> Your assignment: Exactly the lines from the one containing "Rośliny: Zima, Ośnieżone, Drzewa, Most, Rzeka" through the end of the listing must make up the answer, with no pictures included.

> Source data:
'''

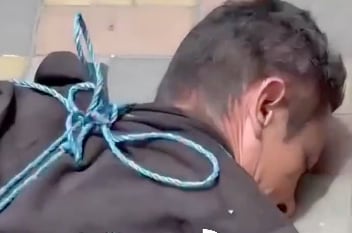 En las imágenes viralizadas, se observa al sujeto amarrado de pies y manos en el piso, mientras varias personas lo increpan por lo ocurrido.
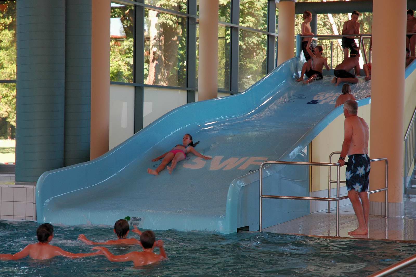 [ Ganzjahresbad | Erlebnis - Hallenbad | Freibadpark | Sauna - Landschaft | Restaurant | Bistro | Strand- u. Sauna - Bar ]
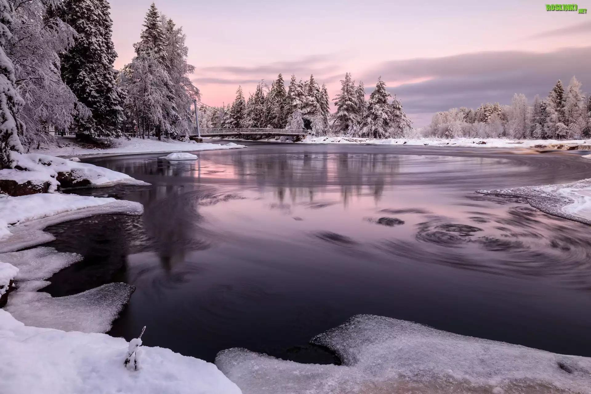 Rośliny: Zima, Ośnieżone, Drzewa, Most, Rzeka Oulujoki, Oulu, Finlandia
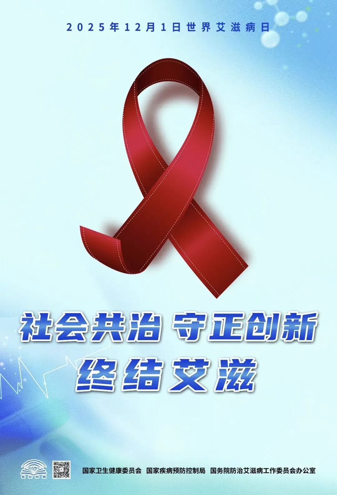 2025年12月1日是第38个“世界艾滋病日”。我国今年的宣传活动主题为“社会共治,守正创新,终结艾滋”。在这个共同关注健康的日子里,我们呼吁每位同学:用科学武装自己,用关爱温暖他人,携手筑牢校园健康的防护墙。

'''

> Finished exercise:
 Rośliny: Zima, Ośnieżone, Drzewa, Most, Rzeka Oulujoki, Oulu, Finlandia
 2025年12月1日是第38个“世界艾滋病日”。我国今年的宣传活动主题为“社会共治,守正创新,终结艾滋”。在这个共同关注健康的日子里,我们呼吁每位同学:用科学武装自己,用关爱温暖他人,携手筑牢校园健康的防护墙。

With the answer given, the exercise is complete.